Reassure them that counselors are there to help them get through the
transition from home to camp. Campers
can also reach out to other campers for support, as they are most likely not
alone in missing home.
Speak with Confidence: Let your child know that you believe in them
and that they will do great at camp.
Empower them to believe in themselves and trust that in time they will feel
less homesick and have a wonderful summer.
Children who work through feelings of homesickness and stick it through
will feel proud of themselves and feel capable to take on other new challenges.
Keep the Letters
Coming: Send a letter (or email) to
your camper even before camp begins. This way, they will have mail waiting for them
when they first arrive, making the transition to camp a bit easier. Keep the letters coming all summer long, and encourage
your camper to write home as well. Pack
your camper with stationary and addressed stamped envelopes so they could
easily send out letters to family and friends.
Bring a Piece of Home: Have your child pack a special reminder from
home, like a favorite stuffed animal or pillow to put on their bed. Small comforts of home go a long way. Family photos are also a great way to feel
connected to loved ones.
Schedule a Sleepover: If your child has never slept outside of the
house, have them sleep at a friend’s house before camp begins. This will give
them some idea of what it is like to be away from home.

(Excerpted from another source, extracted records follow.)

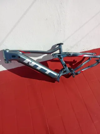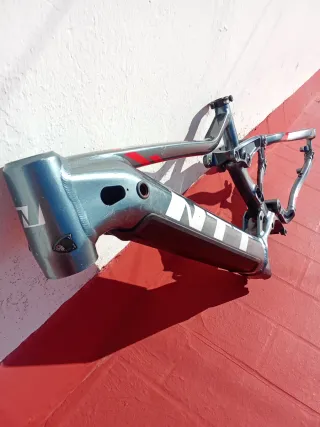 Cuadro de bicicleta eléctrica NTT de 29 pulgadas. Diseño moderno y robusto. Talla m - Color gris metalizado con detalles en rojo y blanco. - Preparado para bicicletas eléctricas. Eje trasero super boost. Dirección cónica. (Regalo una) Doy todo lo que sale en la foto.
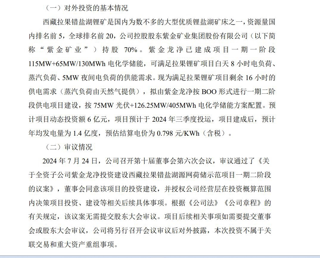 : 拉果错的环评报告里,一期项目2万吨合计投资金额为37亿,龙净环保的BOO模式,年发电量1.4亿度,结算价0.79元/kwh,总计电费一亿元朝上
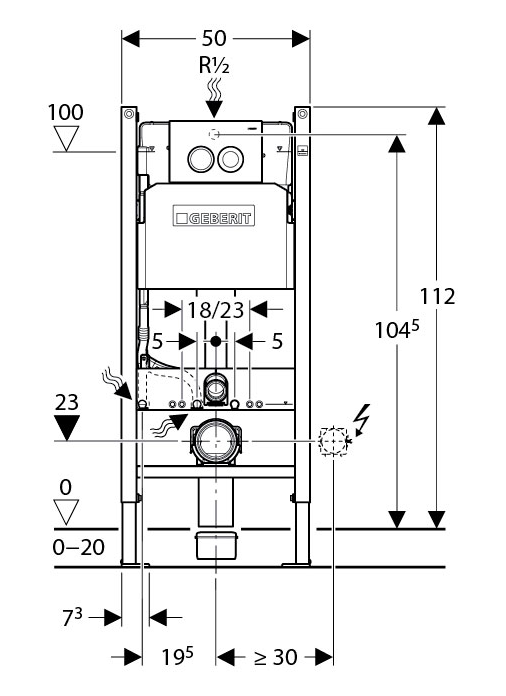Инсталляция Geberit Duofix 458.124.21.1 Delta UP100 с кнопкой смыва для унитаза хром
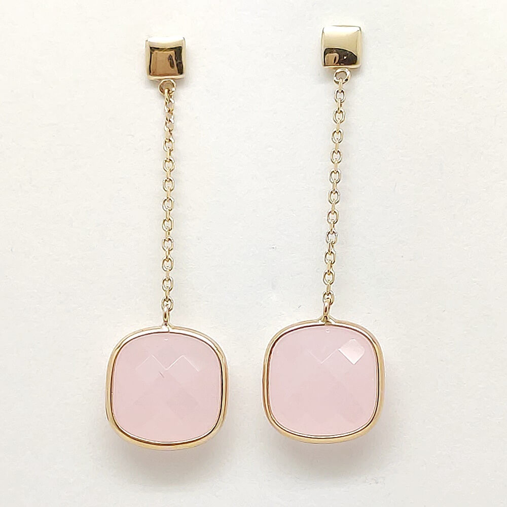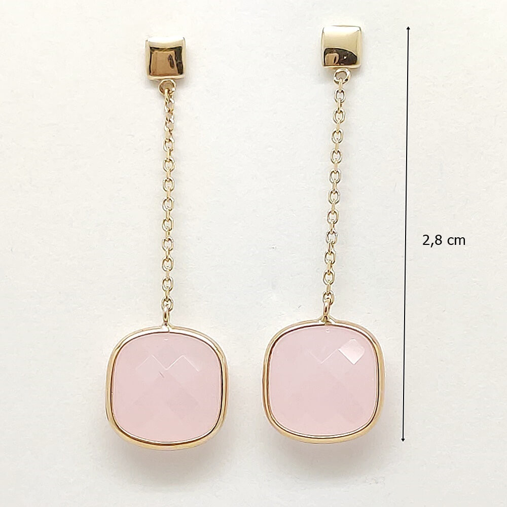 Beautiful pale pink gemstone drop / dangle earrings with 1 rose quartz stone each. The delicacy and beauty of 14-karat yellow gold is highlighted by the pastel-colored stone, which hangs on a thin Anker chain, creating a feminine and elegant look. Wear them with a white T-shirt and jeans, or use them to spice up your casual outfit. They look best with short hair or an updo.
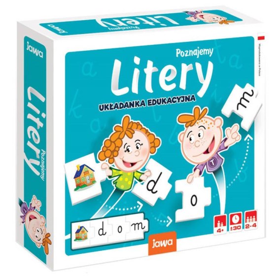 Jawa układanka edukacyjna "Poznajemy litery" powstała z myślą o dzieciach poznających alfabet i stawiających pierwsze kroki w nauce czytania i pisania.
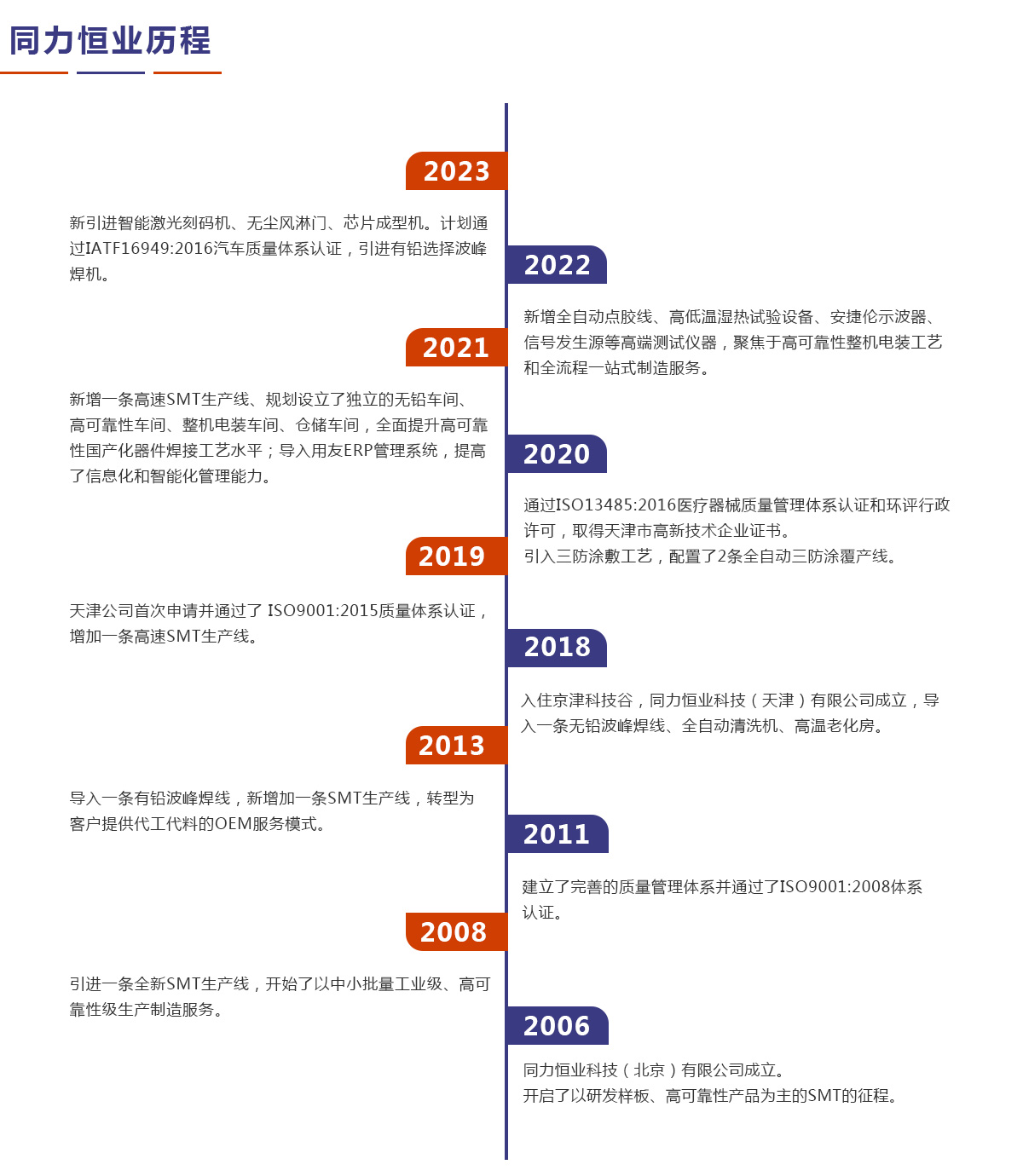 同力恒業(yè)科技成立于2006年,專業(yè)從事電子制造服務(EMS),專注于為客戶提供產(chǎn)品開發(fā)、工藝設計、物料配套、精密貼裝、插件焊接、三防涂敷、整機電裝、測試老化以及包裝運輸、售后維修等整個供應鏈解決方案。公司定位于高可靠性及中高端產(chǎn)品電子制造服務,在通訊導航、儀器儀表、醫(yī)療設備、汽車電子等領域具有豐富的一站式制造服務經(jīng)驗。
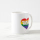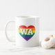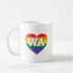 Cette tasse est ornée d'un coeur de fierté arc-en-ciel orné de lettres majuscules blanches et audacieuses WA, l'abréviation officielle de Washington, l'État à feuillage persistant. Montrez vos vraies couleurs, soutenez l'égalité dans le mariage et célébrez le gay pride.
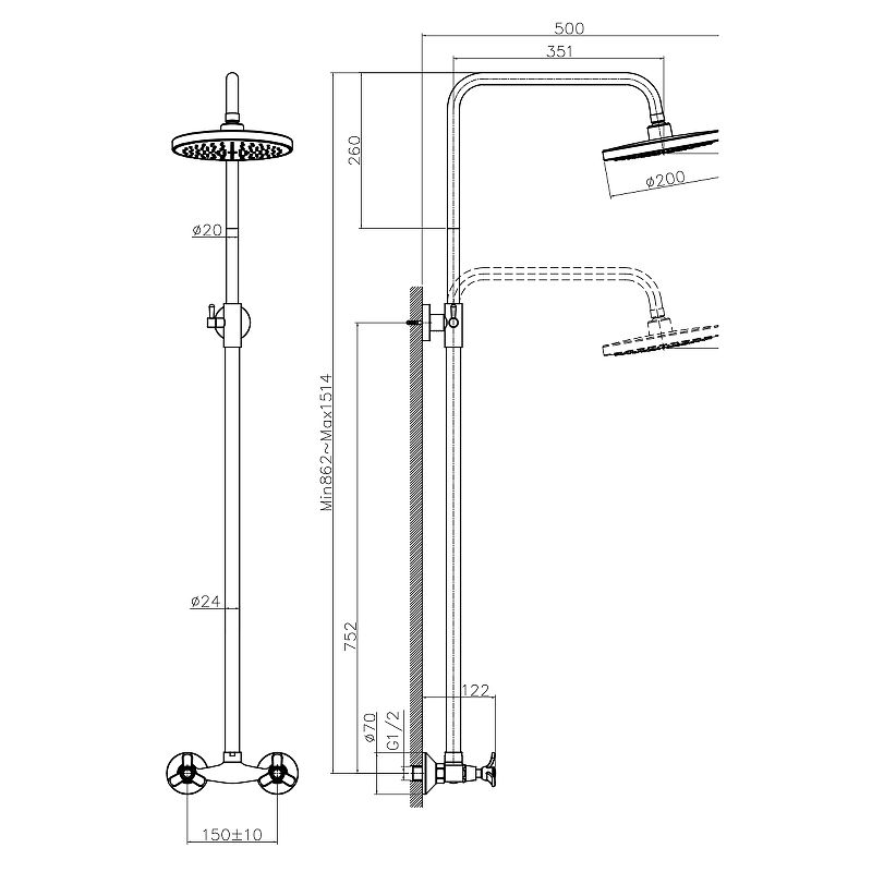 Душевая стойка Rossinka Q02-44 для ванны и душа купить
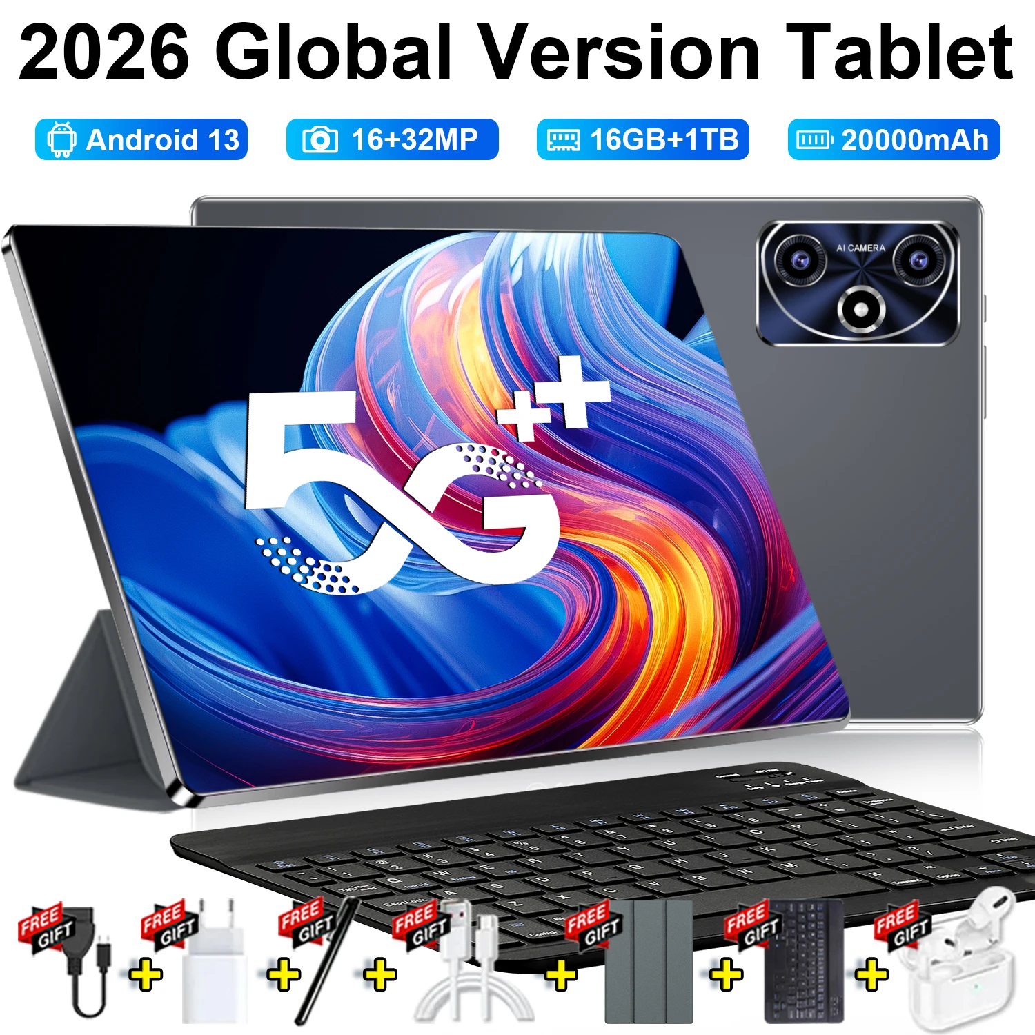POCKAM P13 Pro Android 16 2-in-1 Tablet-PC 13,4 Zoll 120Hz Display 48GB RAM (12+36) 256GB ROM 12000mAh Akku Widevine L1 Tablet-PC
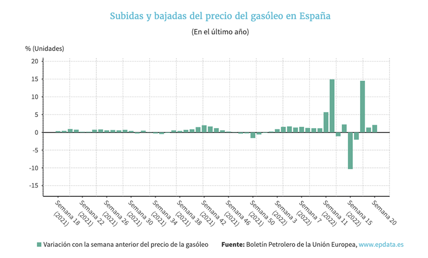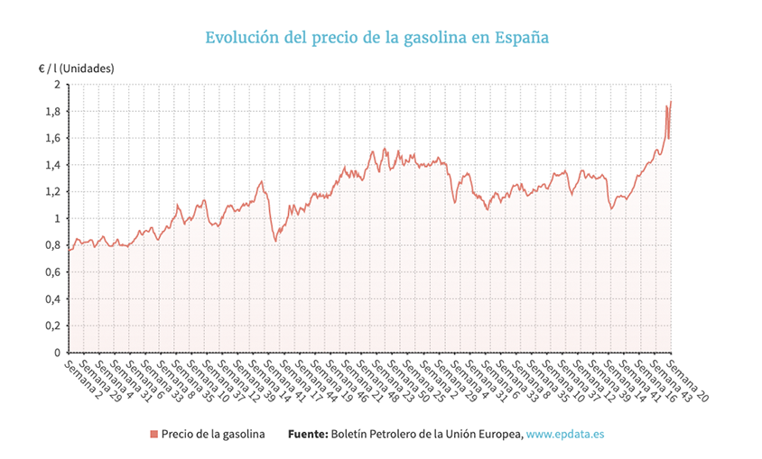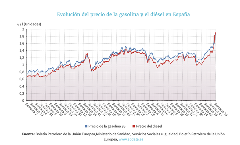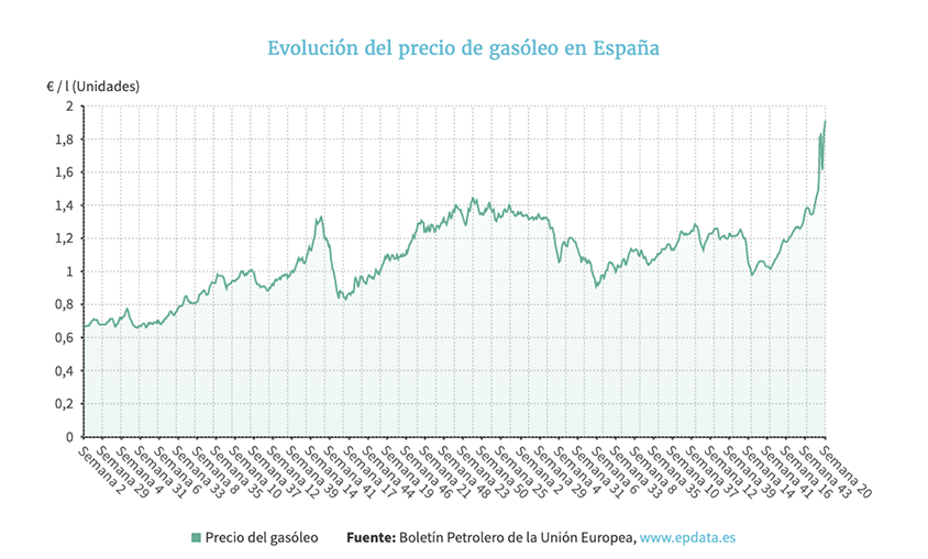 Según los datos del Boletín Petrolero de la Unión Europea (UE) recogidos por_ Europa Press_, los 1,911 euros por litro del gasóleo representan un nuevo máximo histórico, superando los 1,872 euros de hace una semana, al incrementarse un 2,08%.

Practice Independence: If going to camp is new to your child,
practice skills like showering, brushing teeth, getting dressed and making
their bed, on their own. Being able to
take care of these basic needs independently will help your child feel more
capable and confident.
These suggestions may not take away all feelings of
homesickness, but will definitely better prepare your child for the camp
experience and help them have an easier transition to the world of camp. And don’t be surprised when the summer is
over and they express feeling “homesick” for their family and friends at camp!